Oftentimes, their devices or technologies are included in household products with hardly anyone knowing about them. Take Immersion (Nasdaq: IMMR), for example. Its vibrating, force-feedback technology (known as "haptics") is included in cellphones and video game systems, making the products more responsive and interactive. It's also a leader in touch-screen technology.

In the investment world, we have a term for companies like this: Small caps.

And you should know that over the long-run, small caps outperform their larger peers...

The Resurgent Power of Small Caps

Over the past year, small caps have outperformed their large cap peers by 9 percentage points.

And the resurgent power of small caps coming out of recessions is legendary. In the 36 months after the end of the past 15 recessions, small caps have beaten large caps by an average of 5.6 percentage points per year.

Now, if you're sitting there, thinking, "Yeah, but small caps are riskier than the big companies," you're right.

Small cap stocks are riskier in that they're often less financially sound. Some don't have much money in the bank. Some have unproven products. And some don't have the experience to bring their products to a mass market... even if they work.

It can be tough sledding, for sure. And it doesn't help when major mainstream outlets like MarketWatch publish negative and misleading anti-small cap articles. Fortunately, my colleague, Louis Basenese, recently stepped up and argued that MarketWatch was wrong about small caps, noting the best ways to invest in the group.

Ultimately, though, if investors are going to assume more risk, the reward needs to be greater. Without that extra incentive, investors would always just play it safe.

And there's the rub: Reward. More specifically, being able to identify the companies that have the greatest risk-reward profile.

Not easy, but potentially lucrative when it happens...

Big News = Bigger Gains For Small Caps

For example, let's say Merck (NYSE: MRK) announces strong data on an important new cancer drug. That's certainly a positive and should cause the stock to rise.

And if a small cap stock like Celldex Therapeutics (Nasdaq: CLDX) announces strong data for its CDX-110 brain cancer drug at the key American Society of Clinical Oncology (ASCO) conference in a few weeks, the stock should also jump a few points.

However, those points would be much more meaningful for a $9 stock than on a $32 stock.

So how can you latch onto potential big winners in the small cap world?

What Aren't the Big Boys Doing? You Need to Know...

One way to do it is by paying attention to what institutions are doing. Or, more specifically, not doing.

You see, many hedge funds and mutual funds don't invest in small caps. Which is why you should.

That's because institutional investing can move small cap stocks. Do your due diligence properly and when the big boys do get involved, their buying power can light a fire under small caps much more than when these firms put their money to work in a larger company.

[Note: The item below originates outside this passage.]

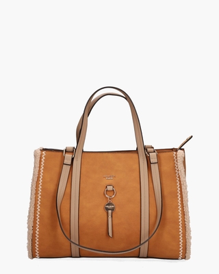 Shopper Manduria Tote Bag S247691 van het Franse merk Lollipops. De tas biedt diverse draagmogelijkheden dankzij de twee verschillende lengtes van de handvatten. De buitenkant van de tas is gemaakt van rubber met stiksels en is afgewerkt met zachte boucléwol, wat zorgt voor een opvallende uitstraling. Het gouden logo op de voorkant en de metalen bedel met ritstrekker voegen een speelse touch toe aan dit model. Binnenin de bag vind je een ruim stoffen interieur met een groot vak en twee handige steekvakjes, ideaal om je spullen georganiseerd te houden. Voor snelle toegang tot essentiële items is er een extra ritsvak aan de buitenkant. Afmetingen: hoogte 28 cm, breedte 38 cm, diepte 15 cm. Kleur: bruin/cognac. (Beige)

Think about it. A $10 million investment in a $200 million market cap company is very meaningful. But that same investment in a $20 billion market cap company doesn't have as much impact.

The Small Cap Double

Ask 50 investors what they want most from their stocks and all 50 will likely give you the same answer: Profits.

Well, the small cap world is certainly capable of dishing out big returns.

But the technological advances behind those profits can be just as exciting. I've come across some incredible stories. For example, companies like...

  • Illumina (Nasdaq: ILMN), which maps the human genome process.
  • Energy Recovery Inc. (Nasdaq: ERII), which is in the desalination business - i.e. turning seawater into drinking water.
  • Novatel Wireless (Nasdaq: NVTL), which allows you to pick up the Internet almost anywhere.
  • The afore-mentioned Celldex Therapeutics, busy creating cancer vaccines.

The list goes on. Obviously, not all small cap stocks work out. But there is a lot of profit potential available from these amazing new technologies and products. And the small cap companies that do succeed tend to rise more than other stocks.

There is added risk of course, because not all of the products will work out, but with smart stock-picking, the gains will be well worth the risk.

Hoping your longs go up and your shorts go down.